__Provided data__:

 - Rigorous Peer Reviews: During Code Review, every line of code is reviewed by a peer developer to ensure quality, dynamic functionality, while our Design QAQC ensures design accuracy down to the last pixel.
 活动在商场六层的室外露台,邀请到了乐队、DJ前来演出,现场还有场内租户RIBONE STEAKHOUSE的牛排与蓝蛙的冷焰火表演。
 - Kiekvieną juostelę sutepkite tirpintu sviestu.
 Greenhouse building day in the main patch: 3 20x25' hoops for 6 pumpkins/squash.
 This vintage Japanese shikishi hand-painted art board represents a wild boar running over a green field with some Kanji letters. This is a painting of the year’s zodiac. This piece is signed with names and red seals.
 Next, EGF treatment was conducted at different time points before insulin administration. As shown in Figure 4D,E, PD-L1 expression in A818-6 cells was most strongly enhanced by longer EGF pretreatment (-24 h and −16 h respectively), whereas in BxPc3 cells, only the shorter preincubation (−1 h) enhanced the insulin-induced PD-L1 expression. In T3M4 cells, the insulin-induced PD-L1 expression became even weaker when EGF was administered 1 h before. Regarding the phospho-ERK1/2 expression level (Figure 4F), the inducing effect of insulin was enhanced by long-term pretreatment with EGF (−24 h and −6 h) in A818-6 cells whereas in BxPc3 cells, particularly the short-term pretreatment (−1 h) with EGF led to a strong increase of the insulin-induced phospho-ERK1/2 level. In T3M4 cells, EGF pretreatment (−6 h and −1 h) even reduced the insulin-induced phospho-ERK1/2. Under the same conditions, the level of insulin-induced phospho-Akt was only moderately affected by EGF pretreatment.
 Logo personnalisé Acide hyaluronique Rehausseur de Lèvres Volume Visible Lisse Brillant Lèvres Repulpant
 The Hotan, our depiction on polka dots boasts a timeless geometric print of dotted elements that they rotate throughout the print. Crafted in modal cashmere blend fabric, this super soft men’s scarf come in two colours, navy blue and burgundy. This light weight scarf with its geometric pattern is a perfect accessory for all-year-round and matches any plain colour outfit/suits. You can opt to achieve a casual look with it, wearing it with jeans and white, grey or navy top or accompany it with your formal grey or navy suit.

__What you should do__: Pull every line holding "This" out of the records.

__Response box__:
 This vintage Japanese shikishi hand-painted art board represents a wild boar running over a green field with some Kanji letters. This is a painting of the year’s zodiac. This piece is signed with names and red seals.
 The Hotan, our depiction on polka dots boasts a timeless geometric print of dotted elements that they rotate throughout the print. Crafted in modal cashmere blend fabric, this super soft men’s scarf come in two colours, navy blue and burgundy. This light weight scarf with its geometric pattern is a perfect accessory for all-year-round and matches any plain colour outfit/suits. You can opt to achieve a casual look with it, wearing it with jeans and white, grey or navy top or accompany it with your formal grey or navy suit.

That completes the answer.